▶ _RECORDED DATA_:
▬▬▬▬▬▬
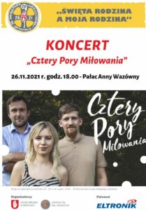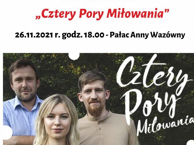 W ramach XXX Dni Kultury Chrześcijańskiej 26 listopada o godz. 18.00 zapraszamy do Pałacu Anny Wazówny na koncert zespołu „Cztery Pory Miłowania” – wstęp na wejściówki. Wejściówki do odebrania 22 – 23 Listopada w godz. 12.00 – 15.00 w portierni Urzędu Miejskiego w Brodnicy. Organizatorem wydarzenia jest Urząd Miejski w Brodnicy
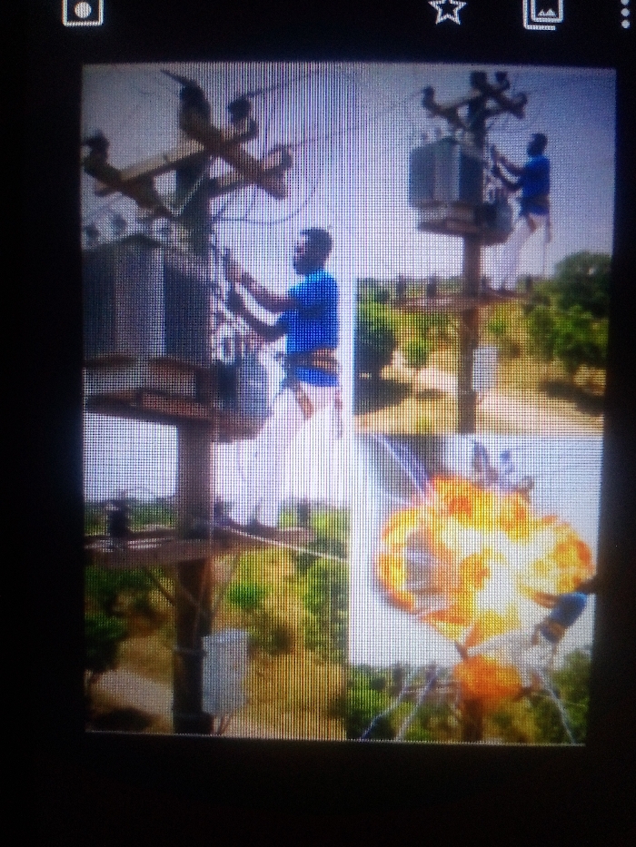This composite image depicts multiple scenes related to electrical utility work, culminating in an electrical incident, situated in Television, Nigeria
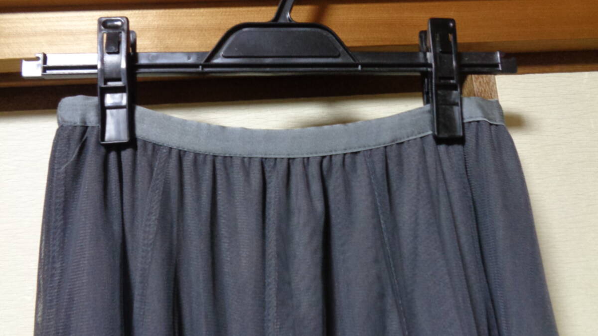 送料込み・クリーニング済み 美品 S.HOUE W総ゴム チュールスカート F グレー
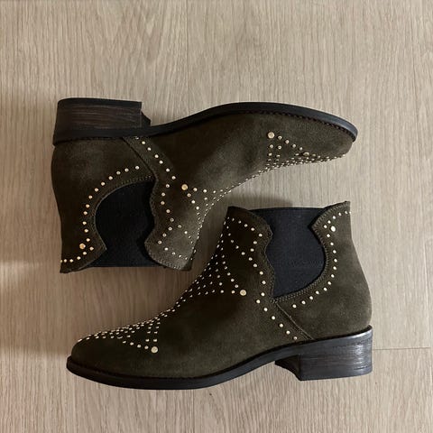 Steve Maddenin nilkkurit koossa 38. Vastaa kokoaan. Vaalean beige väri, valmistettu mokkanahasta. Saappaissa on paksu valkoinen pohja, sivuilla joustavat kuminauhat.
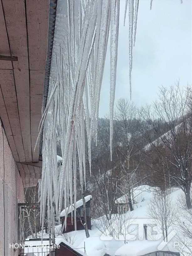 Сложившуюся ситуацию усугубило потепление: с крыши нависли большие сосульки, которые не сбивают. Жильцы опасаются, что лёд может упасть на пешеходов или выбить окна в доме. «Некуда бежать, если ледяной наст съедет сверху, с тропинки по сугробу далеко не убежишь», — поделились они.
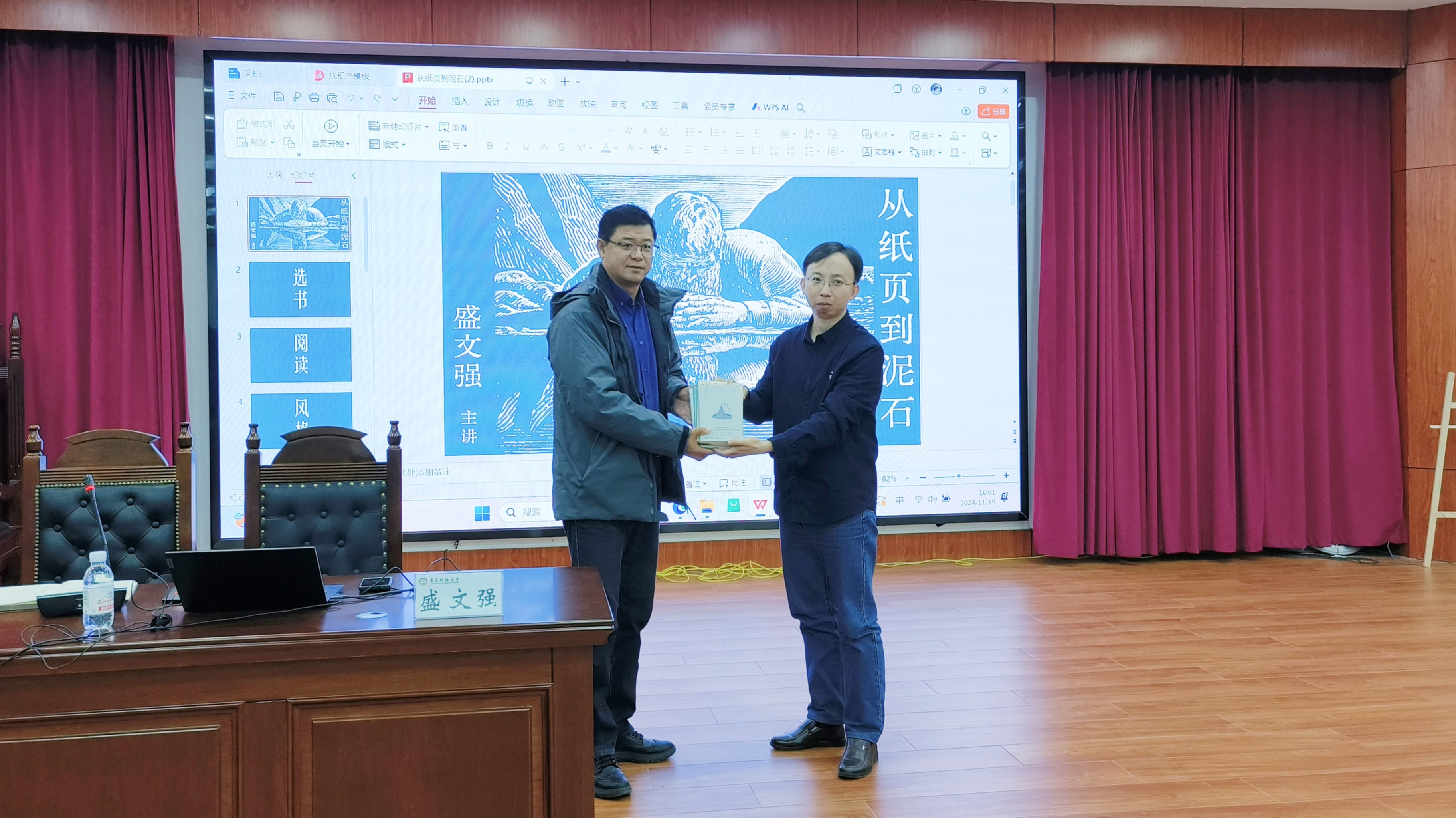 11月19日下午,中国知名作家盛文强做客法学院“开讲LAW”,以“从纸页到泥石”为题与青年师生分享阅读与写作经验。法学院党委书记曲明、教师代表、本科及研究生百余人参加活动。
▬▬▬▬▬▬
▶ _TASK DETAILS_:
Give back all the records as they stand, but with no pictures in the copy.

▶ _YOUR RESPONSE_:
 W ramach XXX Dni Kultury Chrześcijańskiej 26 listopada o godz. 18.00 zapraszamy do Pałacu Anny Wazówny na koncert zespołu „Cztery Pory Miłowania” – wstęp na wejściówki. Wejściówki do odebrania 22 – 23 Listopada w godz. 12.00 – 15.00 w portierni Urzędu Miejskiego w Brodnicy. Organizatorem wydarzenia jest Urząd Miejski w Brodnicy
This composite image depicts multiple scenes related to electrical utility work, culminating in an electrical incident, situated in Television, Nigeria
 送料込み・クリーニング済み 美品 S.HOUE W総ゴム チュールスカート F グレー
 Steve Maddenin nilkkurit koossa 38. Vastaa kokoaan. Vaalean beige väri, valmistettu mokkanahasta. Saappaissa on paksu valkoinen pohja, sivuilla joustavat kuminauhat.
 Сложившуюся ситуацию усугубило потепление: с крыши нависли большие сосульки, которые не сбивают. Жильцы опасаются, что лёд может упасть на пешеходов или выбить окна в доме. «Некуда бежать, если ледяной наст съедет сверху, с тропинки по сугробу далеко не убежишь», — поделились они.
 11月19日下午,中国知名作家盛文强做客法学院“开讲LAW”,以“从纸页到泥石”为题与青年师生分享阅读与写作经验。法学院党委书记曲明、教师代表、本科及研究生百余人参加活动。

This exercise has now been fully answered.